What is Cyclomatic Complexity?
What It Is And Two Examples Of Measuring It
Cyclomatic complexity is a software metric used to measure the complexity of a program or a specific piece of code. It is defined as the number of linearly independent paths through a program’s source code. In simpler terms, it represents the number of different execution paths a code can take based on the decision points (such as conditional statements or loops) within the code. A higher cyclomatic complexity indicates a more complex and potentially harder-to-understand code.
Cyclomatic complexity was introduced by Thomas J. McCabe in 1976 and is calculated using the formula:
Cyclomatic Complexity (CC) = Edges — Nodes + 2 * Connected Components
Where:
- Edges represent the number of connections between nodes (e.g., transitions between lines of code)
- Nodes are the distinct sections of code (e.g., individual lines or statements)

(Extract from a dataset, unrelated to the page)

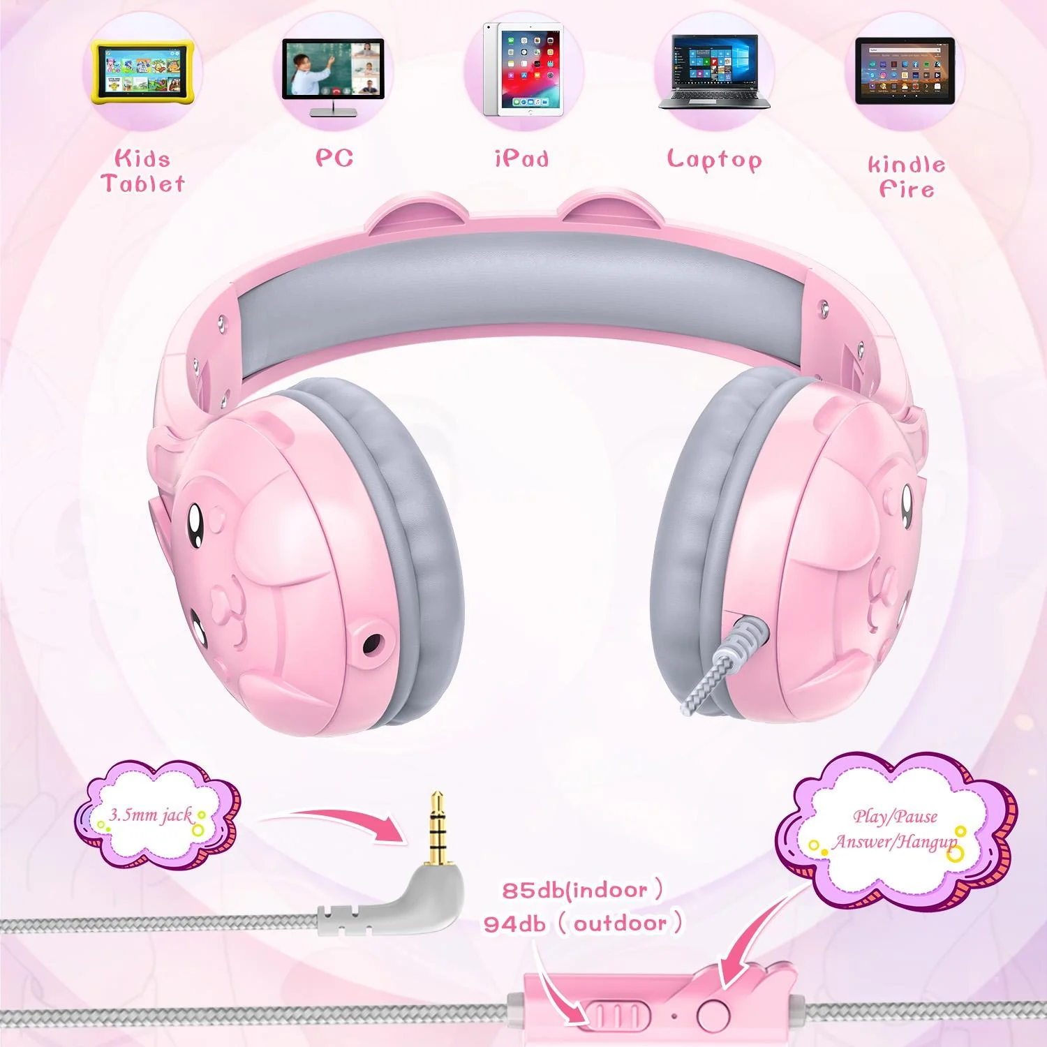 Foldable Led Headset With Mic Usb + 3.5Mm Port - Dark Blue

- Connected Components represent the number of separate pieces of code that are not connected to each other
Examples In Ruby
In the context of Ruby, let’s consider two examples to illustrate cyclomatic complexity:
Example 1:
def example_one(x)
if x > 10
puts "x is greater than 10"
else
puts "x is less than or equal to 10"
end
end
In this example, there is only one decision point (the if
statement), so the cyclomatic complexity is 2 (one path for the true branch and one path for the false branch).
Example 2:
def example_two(x, y)
if x > 10
puts "x is greater than 10"
elsif y > 20
puts "y is greater than 20"
else
puts "x is less than or equal to 10 and y is less than or equal to 20"
end
end
In this example, there are two decision points (the if
and elsif
statements), so the cyclomatic complexity is 3 (one path for each condition, plus one path for the else
branch).
Higher cyclomatic complexity values can indicate that a piece of code may be harder to understand, maintain, and test, so developers often aim to reduce complexity by refactoring code, breaking it into smaller, more manageable functions or methods.